Croma Group plc ("Croma" or the "Group"), the AIM listed total security solutions provider, is pleased to announce its final results for the year ended 30 June 2011, during which the Group has completed the final stage in its restructuring and increased sales substantially.

 

 

Highlights

·; Croma has enjoyed a third year of sales growth following the final step in the restructuring of the business

·; Year-on-year sales increased by 67.5%

·; Pre-tax profit increased by 17.4%

·; The sale of the RDDS Avionics subsidiary resulted in an exceptional charge of £743,000, producing a post-tax loss after exceptional items of £626,000

 

Extracts from the financial statements follow and a full version is available on the Company's website www.cromagroup.co.uk.

 

Sebastian Morley, CEO of Croma, commented "This has been a key year in the restructuring and development of the Group. We have now focused the businesses sharply onto the security sector, concentrating on high sensitivity defensive security projects.
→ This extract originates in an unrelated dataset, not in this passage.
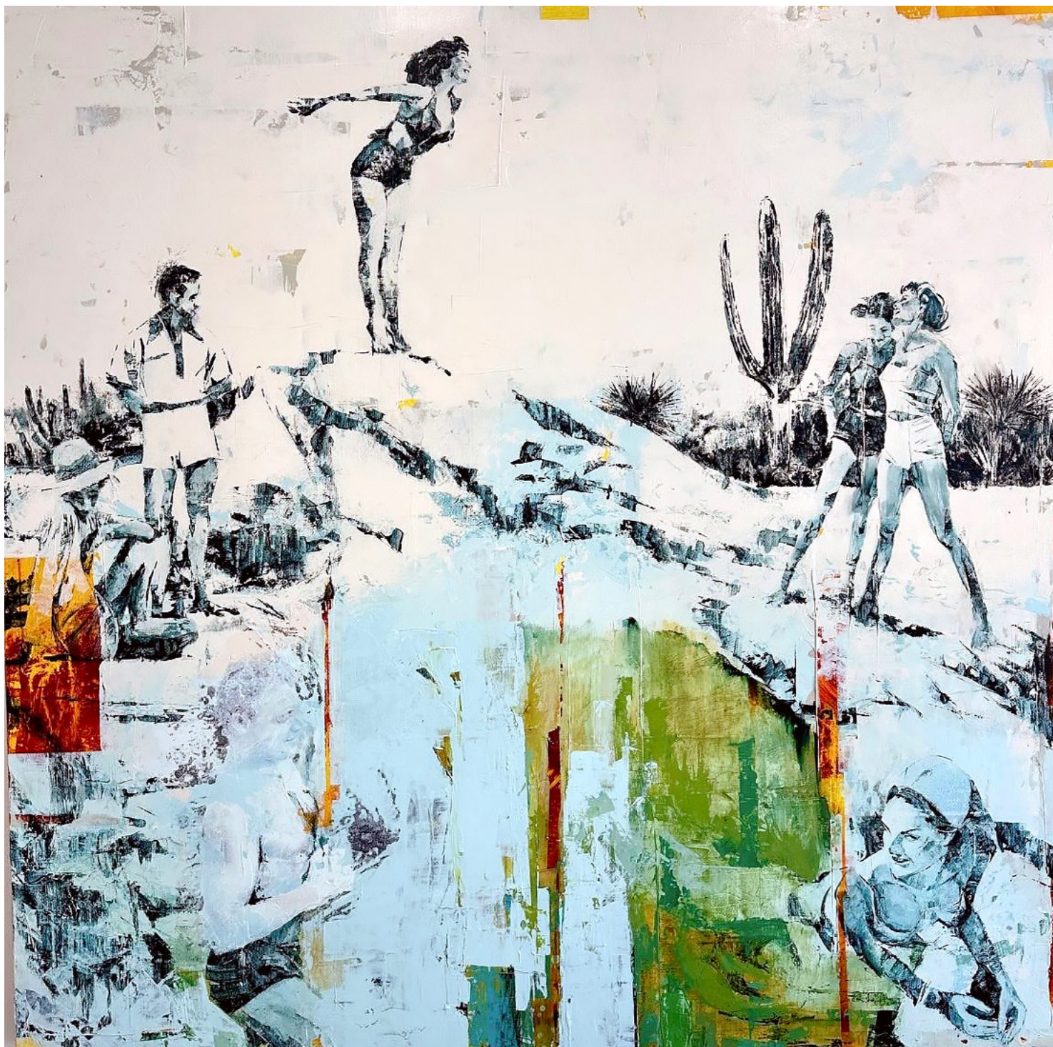
At the Grotto 48" x 48" Acrylic, mixed media, ink on wood panel

Our strategic partnership with CSS Group has broadened our offering to a total security services solution for our clients and this has not only enhanced our clients' security operations, it also adds value to the Group in cross marketing opportunities. We look forward to continuing this relationship and creating value for our shareholders going forward."

 

Notice of Annual General Meeting

 

Croma Group plc today gives notice that the Annual General Meeting ("AGM") of the Company will be held at Quality Hotel, Edinburgh Airport, Ingliston, Edinburgh EH28 8AU on 16 December 2011 at 10.00 a.m. The notice of AGM has today been posted to shareholders and is available on the Company's website www.cromagroup.co.uk

 

Annual Report and Accounts

 

The Company announces that the annual report of the Company for the year ended 30 June 2011 has been posted to shareholders today. The annual report is also available on the Company's website www.cromagroup.co.uk

 

Further information:

 

Croma Group Plc

Sebastian Morley +44 7768 006909

 

Brewin Dolphin

Sandy Fraser +44 (131) 529 0310

 

 

 

 

 

 

Chairman's Statement

 

I have pleasure in announcing the results of the Group for the year ended 30 June 2011.

 

Financials

The results demonstrate the last element of the restructuring of the business, which was completed with the sale of the Group's subsidiary, RDDS Avionics Limited ("RDDS").The Group now stands ready to continue to target the security services sector as the engine for its future growth, based on the continuing success of the Vigilant subsidiary.

 

Sales improved significantly during the year reaching £8.46 million against £5.05 million for 2010 (as re-stated for the sale of RDDS). Gross profit was £1.62 million (2010: £1.38 million) and operating profit was ahead at £322K (2010: £196K). The pre-tax profit from continuing operations for the year was £143K against a prior year loss of £6K.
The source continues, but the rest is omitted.